Knowing first-hand the profound effect that death or illness of a child can have on a family, New York photographer Karen Haberberg set out to help.
Before she was born, Haberberg’s parents lost a child to Tay-Sachs, a rare disorder that destroys nerve cells and leads to death at a young age. As a documentary and portrait photographer, Haberberg wondered what she could do to help that community of families, navigating life with chronically or terminally ill children.
She decided to take photos.
About a year ago, Haberberg put the word out on social media and began photographing disease-stricken children and their families in a project she titled “Project Believe.” Her goal is to compile the photographs into a book that will also include information on each illness, most of which are lesser known and generally receive less funding for research.
“This is a lot about making these families feel less isolated and alone, which really does happen to a lot of people when they find out their children is ill,” she told ABC News.
She said she hopes that this book is a way to give those families a voice and a community.
“They are families like anyone else’s,” she said of her subjects. “They have good days and bad days like all of us, and they’re doing their best to celebrate those good days. Their sense of perspective is just remarkable.”
To date, Haberberg has taken photos of about 17 families, and she hopes to reach at least 30.
Though she had been self-funding her project until now, she recently set up a Kickstarter page in order to raise enough money to complete the project. So far, she has raised over $17,000. Her goal is to hit $25,000 by July 24.

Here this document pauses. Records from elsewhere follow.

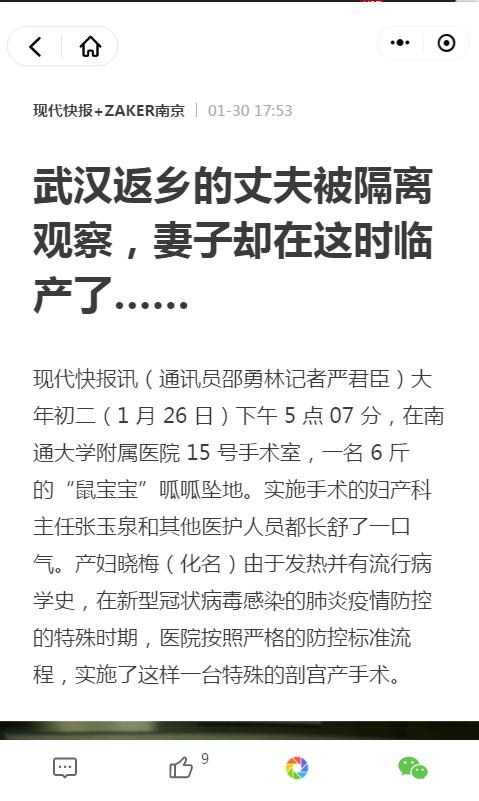 现代快报:武汉返乡的丈夫被隔离观察,妻子却在这时临产了……
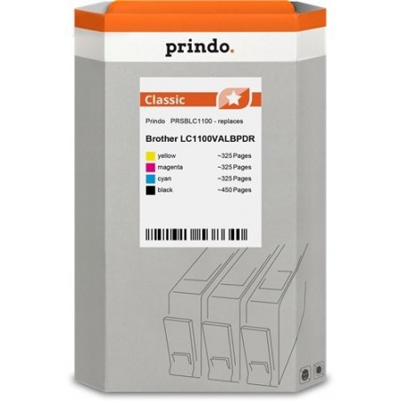 ORIGINAL Prindo Multipack nero / ciano / magenta / giallo PRSBLC1100 Classic ~1425 Seiten alternativa per Brother LC1100VALBPDR (LC-1100bk + LC-1100c + LC-1100m + LC-1100y)
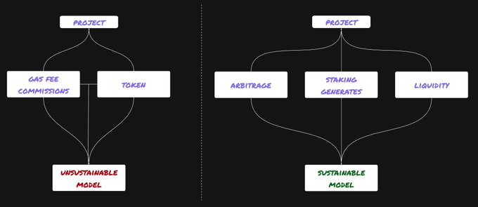 Business model in Defi lately I’ve been talking a lot about the “business model” of Defi projects, “why?” Defi is a young but already fairly large market that positions itself as a yield generating instrument that’s supposed to compete with stocks bonds the equity market and others meaning this market is supposed to become a financial tool that investors actually use to make money accordingly no yield = no investors = no growth but if you look at the current Defi project models, 99% of them have no real income besides ◆ gas fee commissions ◆ token that’s not enough for a sustainable project, the problem is that user activity depends on the market, in a bear market it drops and so do the project fees and token dilution is just a dumb idea overall, you can’t keep diluting a token forever that’s why now when looking at any project you need to focus on its yield, in the future only those will survive the market, and understand which models actually generate that yield if the docs or other sources don’t mention any info, that means the yield comes from the two methods listed above those projects are definitely not worth considering for a long term stable yield now we’re already seeing projects with sustainable systems, for example @alturax generates yield using 3 market instruments ◆ arbitrage 50% ◆ staking generates 30% ◆ liquidity 20% this kind of model is way more resilient to different market conditions and accordingly has a much higher chance of long term success the days when users only looked at TVL are over, it’s time to pay attention to the model the idea and the project’s yield
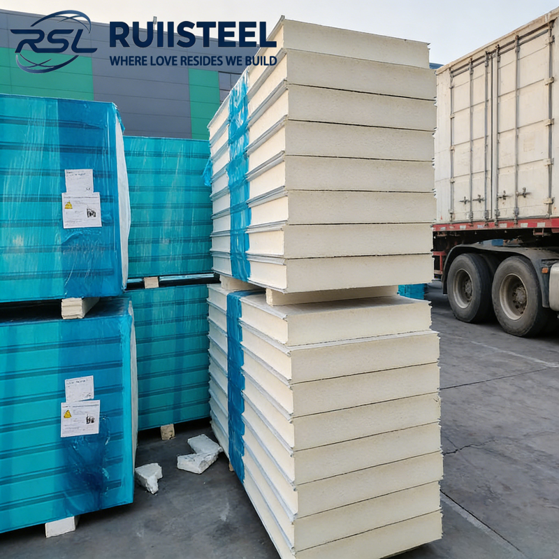 Panneau d'isolation pour entrepôt frigorifique RUIISTEEL, panneau sandwich PU/PIR, fabrication directe en usine, isolation thermique haute efficacité
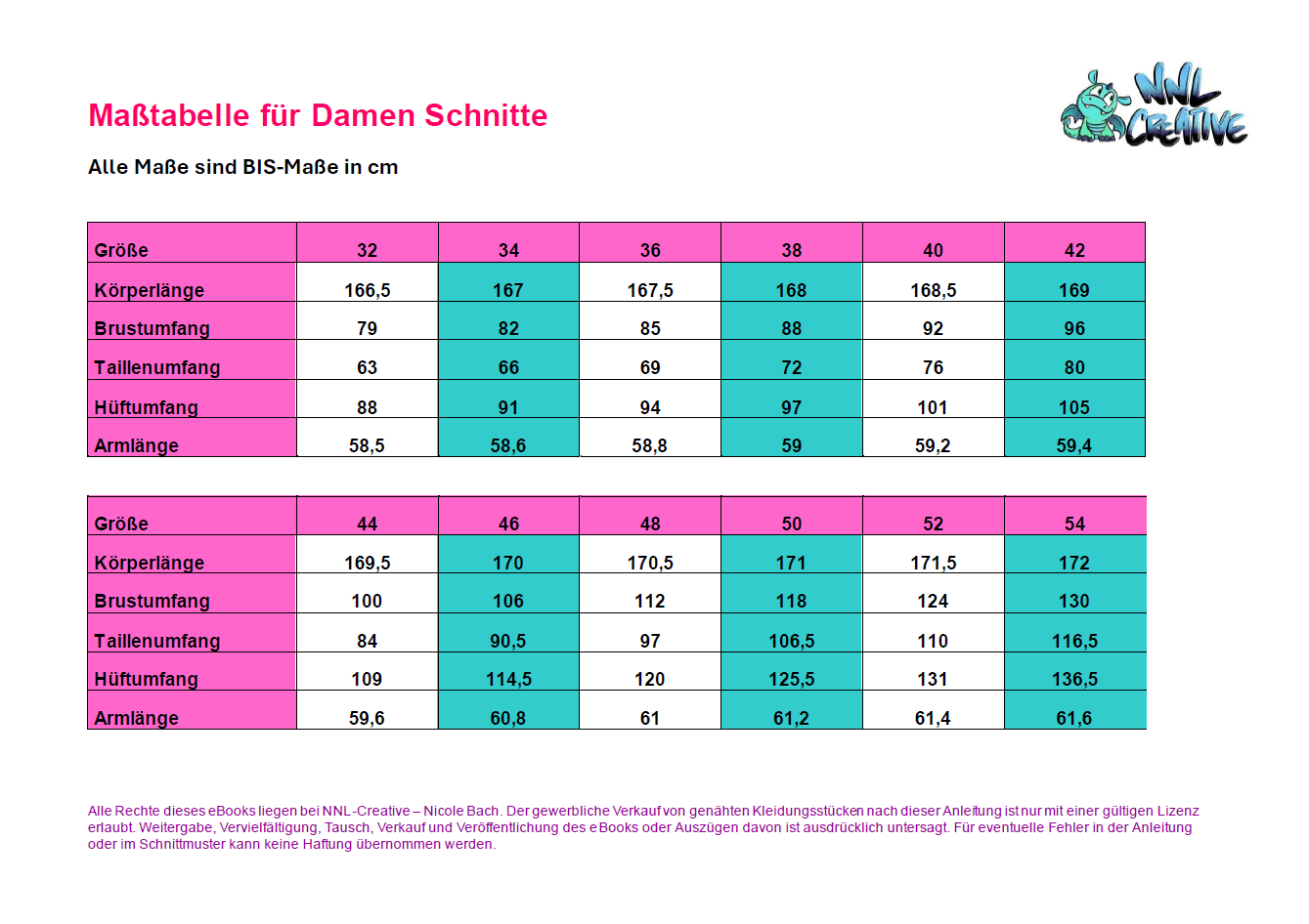 - Eine Vervielfältigung, Weitergabe, Veröffentlichung oder ein Verkauf, Kopieren, Abdruck, Tausch des Schnittmusters ist untersagt.

The money will go toward travel expenses, as Haberberg has connected with potential subjects throughout the country. Funds raised will also help her put the final product together. She hopes that this book will be a springboard to a documentary film on these families.
“This has been an incredibly life-changing experience for me to be privileged enough to go into these families’ homes and be allowed to witness for a brief time what they’re going through,” Haberberg said. “I have been able to witness how incredibly strong these families are and how incredibly resilient their children are. It’s been eye-opening.”